1University Hospital Olomouc, I.P.Pavlova 6,77520 Olomouc, Czech Republic

2,8Faculty of Medicine, Palacky University Olomouc, Czech Republic

3Centre of Palacky University Olomouc, Czech Republic

4,7Department of Clinical Genetics, University Hospital Olomouc, I.P.Pavlova 6,77520 Olomouc, Czech Republic

5,6,9Centre of Assisted Reproduction, Boleslavova 2, Olomouc, Czech Republic


Volume 2014(2014), Article ID 884168, Obstetrics & Gynecology: An International Journal, 14 pages, DOI: 10.5171/2014.884168

Received date : 30 May 2014; Accepted date : 22 September 2014; Published date : 14 November 2014

Academic editor: Maria Szubert

Cite this Article as: Capkova Pavlina , Alena Santava, Milena Krskova, Katerina Adamova, Blazena Hladikova-Zborilova, Radka Nedomova, Ales Sobek, Vaclava Curtisova and Ishraq Dhaifalah (2014), " Low-Level Gonosomal Mosaic (LLGM) In Female Reproduction " Obstetrics & Gynecology: An International Journal, Vol. 2014 (2014), Article ID 884168, DOI: 10.5171/2014.884168

Copyright © 2014. Capkova Pavlina , Alena Santava, Milena Krskova, Katerina Adamova, Blazena Hladikova-Zborilova, Radka Nedomova, Ales Sobek, Vaclava Curtisova and Ishraq Dhaifalah. Distributed under Creative Commons CC-BY 3.0


Method: Cytogenetic and fluorescent in situ hybridization ( FISH )analyses on cultured and uncultured blood samples. Results: There was no significant difference in the incidence of LLGM in patients from the tested group vs. control.

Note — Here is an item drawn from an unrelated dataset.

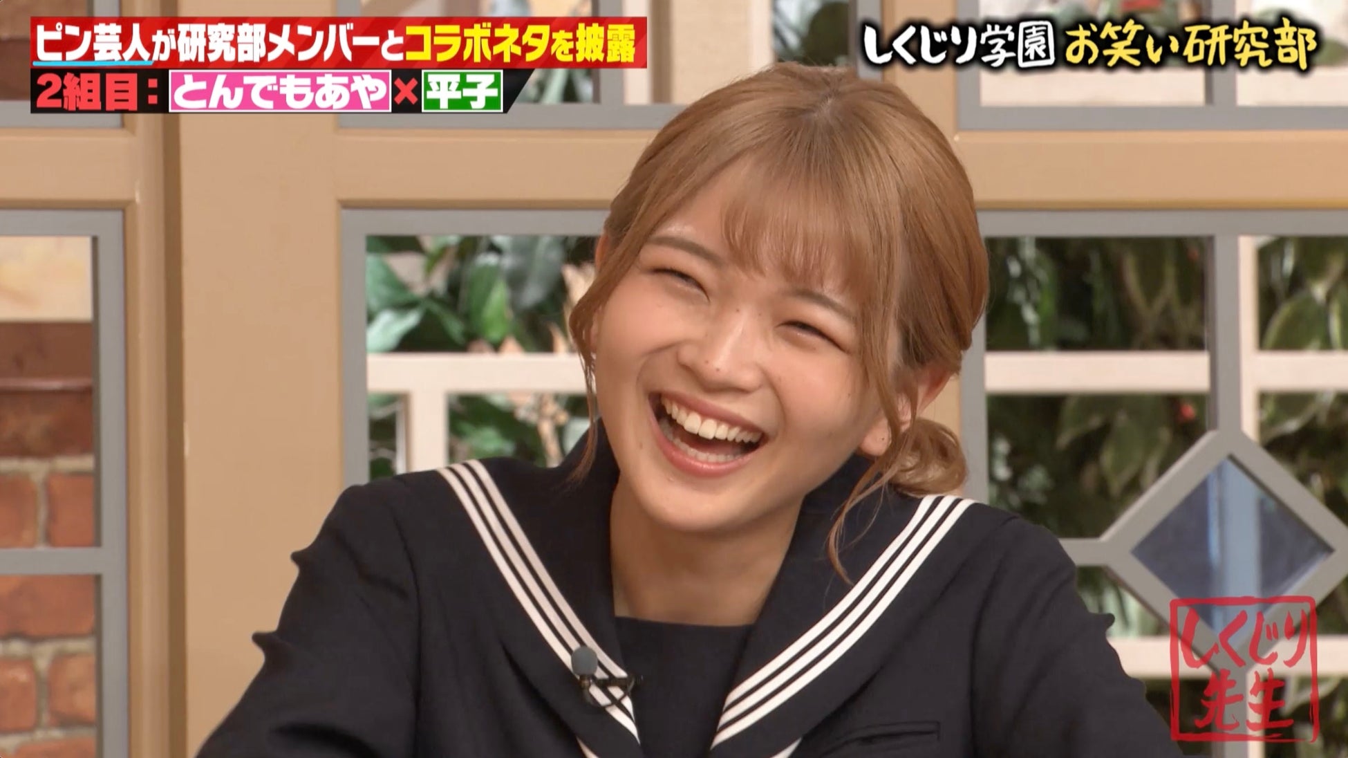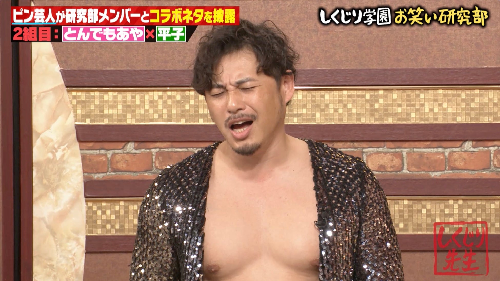 平子&とんでもあやは、両者のキャラクターを活かした“お色気漫才”を披露。開口一番、平子が「まだ何も始まってないじゃないか。どうしたんだい?」と語りかけると、とんでもあやは「あなたがセクシーすぎて…」と過剰反応。以降、平子の“フェロモンたっぷりな言葉”と、とんでもあやのときめきリアクションが止まらない異色の掛け合いが展開され、研究部メンバーは「すごい!」「素晴らしい」と称賛。審査員として出演したタレント・福留光帆も「平子さんのイケボが良いですね」と、平子の“セクシーさ”に注目しました。

The mean of X aneuploidy cells proportion was 2.2 % in the tested vs 1.2 % in control group by cytogenetic examination (p> 0.05). The frequency of X aneuploidy cells in tested group vs. control was significantly higher when the examination was performed by FISH: mean = 5,4 % in cultured and 6,4 % in uncultured samples vs. 3.9 % and 3.6 % resp. in the control (p<0.005). Conclusion: FISH provides more detailed assessment of X aneuploidy cell proportion in patients treated for infertility. Incidence of LLGM and frequency of X aneuploidy cells increases with age in females generally. Accelerated increase of X aneuploidy occurrence observed in the infertile group implies that the mitotic error occurs more frequently in females with reproductive failure. IVF outcomes did not differ between tested and control cohort. Our results show that the patients with LLGM show higher predisposition to recurrent miscarriage (P<0.05).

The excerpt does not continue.